U-Boats Offshore by Edwin P. Hoyt
Author:Edwin P. Hoyt [Hoyt, Edwin P.]
Language: eng
Format: epub
Published: 2012-07-10T19:58:55+00:00
A MATTER OF INFORMATION
The daylight or half-convoy system seemed to have solved all the problems of defense along the Eastern Sea Frontier, and some of the defenders began to congratulate themselves on having eliminated the U-boat menace. The number of sinkings was down, but Naval Intelligence knew that the real reason was Doenitz’s dispatch of most of the U-boats to the Caribbean and Florida waters.
The result was an unreal quiet in the north. On May 30, a large convoy, headed south from New York to Delaware, was protected from harm by her escorts but by only one airship, ZNP-K-7. But all day long, the airship floated over the convoy and saw nothing at all, and that evening, when the ships arrived off Overfalls lightship at dusk, they met a northbound convoy whose experience had been almost precisely the same.

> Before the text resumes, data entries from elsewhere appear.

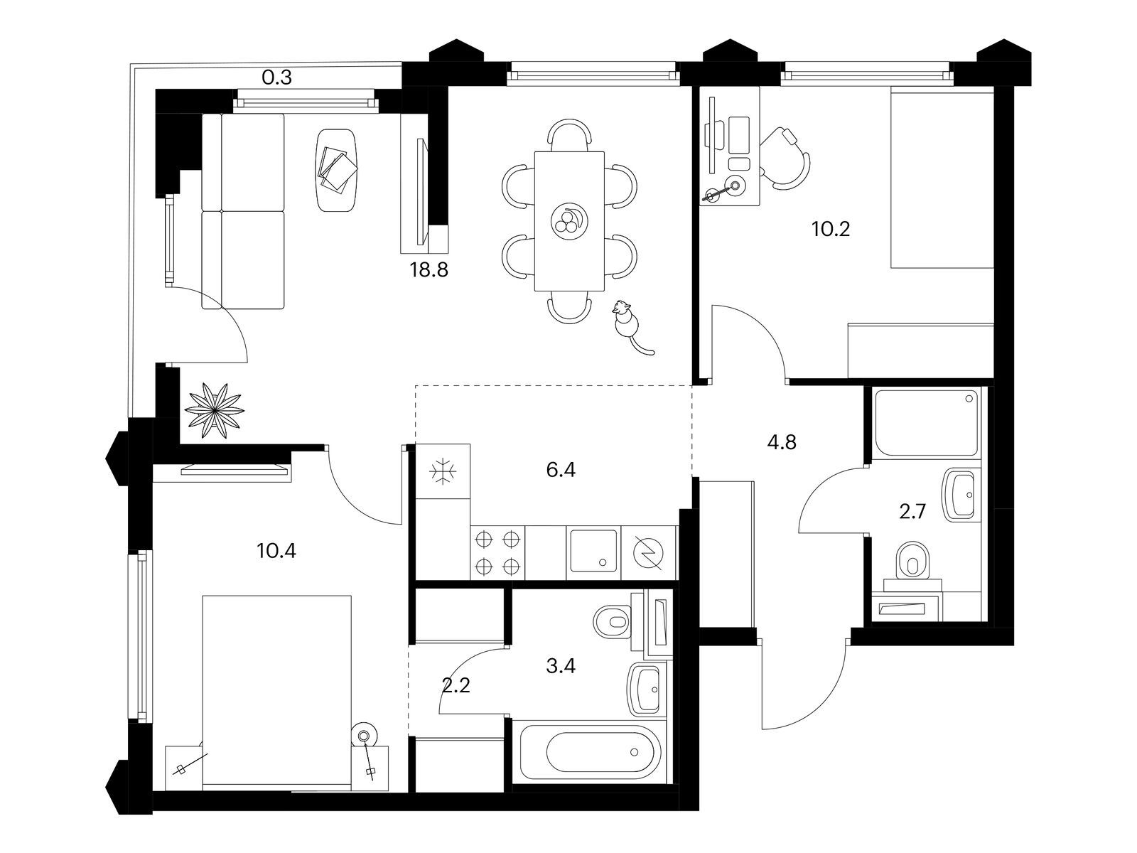 В корпусе 1.4 появится общественная терраса на 30-м этаже. Доступ сюда есть только у жителей, поэтому вы не встретите в этом пространстве посторонних людей. Здесь можно заниматься спортом, отдохнуть за чтением книги или создать собственный сад. А ещё отсюда открываются красивые виды на город.
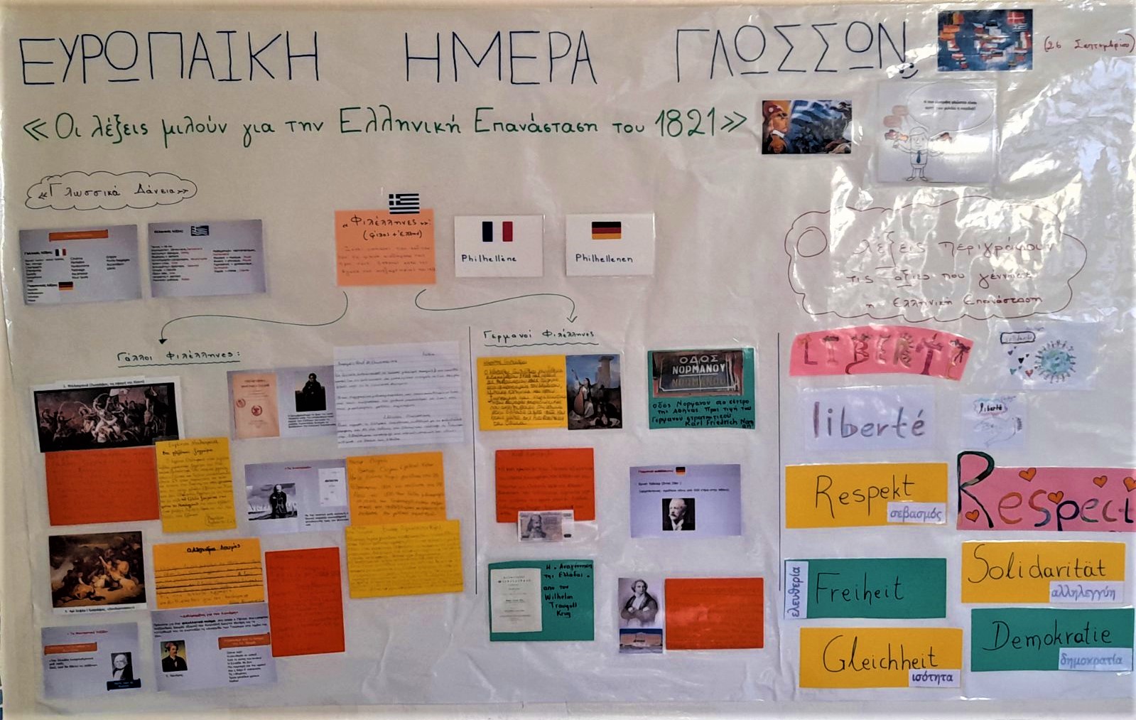 Με ποικίλες δράσεις που σχεδιάστηκαν από τις Εκπαιδευτικούς Αγγλικής, Γαλλικής και Γερμανικής Φιλολογίας του Δημοτικού Σχολείου των Εκπαιδευτηρίων μας και υλοποιήθηκαν σε όλα τα τμήματα, γιορτάσαμε την Πανευρωπαϊκή Ημέρα Ξένων Γλωσσών μαζί με τους Μαθητές και τις Μαθήτριές μας. Σε αυτό το «μικρό φεστιβάλ» τα παιδιά ενημερώθηκαν για τη συγκεκριμένη ημέρα, έπαιξαν παιχνίδια, δημιούργησαν τις δικές τους αφίσες, ενημερώθηκαν για τον πολιτισμό και την κουλτούρα άλλων χωρών και συμμετείχαν σε πρωτότυπα project. Ταξιδέψαμε σε μέρη μακρινά με όχημα τις λέξεις, τις φράσεις, τις εικόνες, τα χαμόγελα… και ανανεώνουμε το ραντεβού μας για το επόμενό μας ταξίδι…
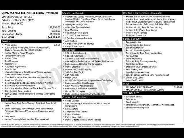 Jet Black Mica 2026 Mazda CX-70 3.3 Turbo Preferred AWD 8-Speed Automatic I6 Turbo
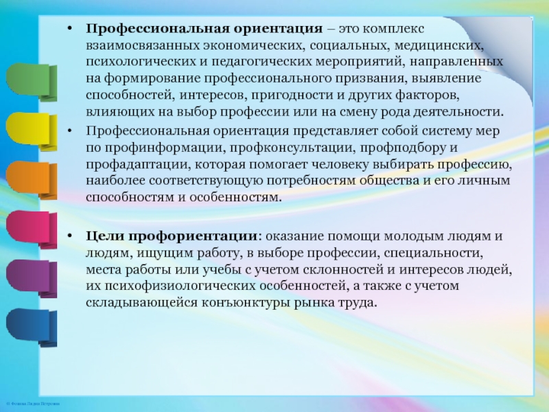 Слайд 26Профессиональная ориентация – это комплекс взаимосвязанных экономических, социальных, медицинских, психологических и
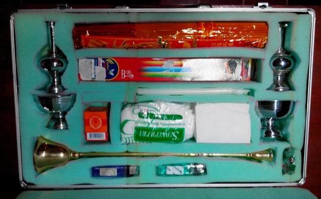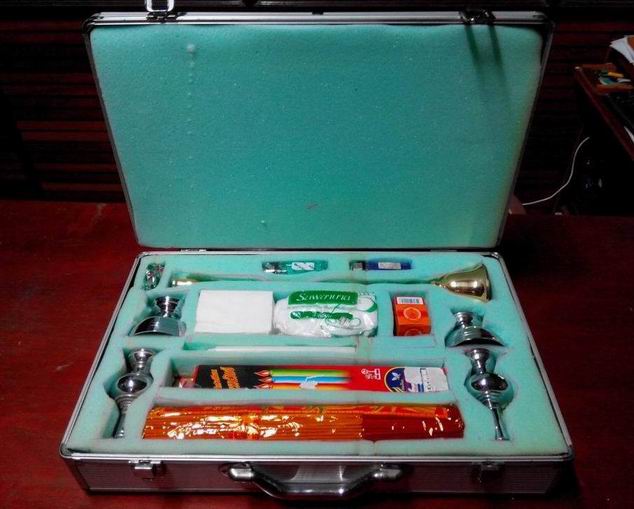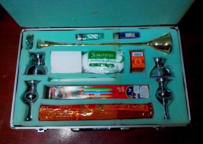 จำนวนตามที่เราต้องการ สำหรับใส่อุปกรณ์ต่าง ๆ) โดยภายในกระเป๋าบรรจุสิ่งที่จำเป็นสำหรับศาสนพิธีกรในการใช้ในการประกอบพิธี

The two convoys stopped here for the night. They waited at the lightship for pilots to come out and take them into the safe inshore waters.
They waited, and they waited. Thirty ships lay drifting about, barely keeping way, in danger of collision, in danger of submarine attack beyond the ability of the escorts to protect them, while one single small launch went scurrying about, carrying pilots to one ship after another.
The convoy captains complained about the danger, but eight days later, the situation was as bad as ever. H.M.S. Arctic Explorer (one of the trawlers) was escorting a convoy up the coast, and her British captain, wise in the ways of war, saw with dismay his ships stranded just outside a port entrance for three hours, perfect targets for U-boats. He reported the matter to Admiral Andrews, and Andrews chided those involved, but nothing much happened. Andrews had finally gotten enough ships together to make a defense, but he still had to perfect an organization.
One problem was an official overconfidence at the Washington level that distorted the reality of the war at sea. In Washington, on June 10, Secretary Knox gave another of his press conferences, at which he spoke vaguely of the “progress” being made in combating the submarines. Across town, on Capitol Hill, Senator Harry Truman came much closer to the point when he warned the public that the navy did not have enough ships to protect both oceans. And sandwiched between was a United Press report that day that gave the truth, although in a careful, low-key way: “The latest sinking (of two New England fishing vessels) brought to 266 the total of vessels lost in the Western Atlantic area by axis submarine action since mid-January.” There were other tales in the news, all carefully edited, for Winston Churchill’s warnings had finally struck home, and care was being taken not to give information to the enemy about sinkings.
But one result of this program was a curious hiatus, a breakdown in caution on the part of the defenders.
Merchant captains complained that the navy people did not hold presailing conferences to tell the civilians what was expected of them. They also said the navy patrol craft stopped them wherever they pleased, without regard to safety.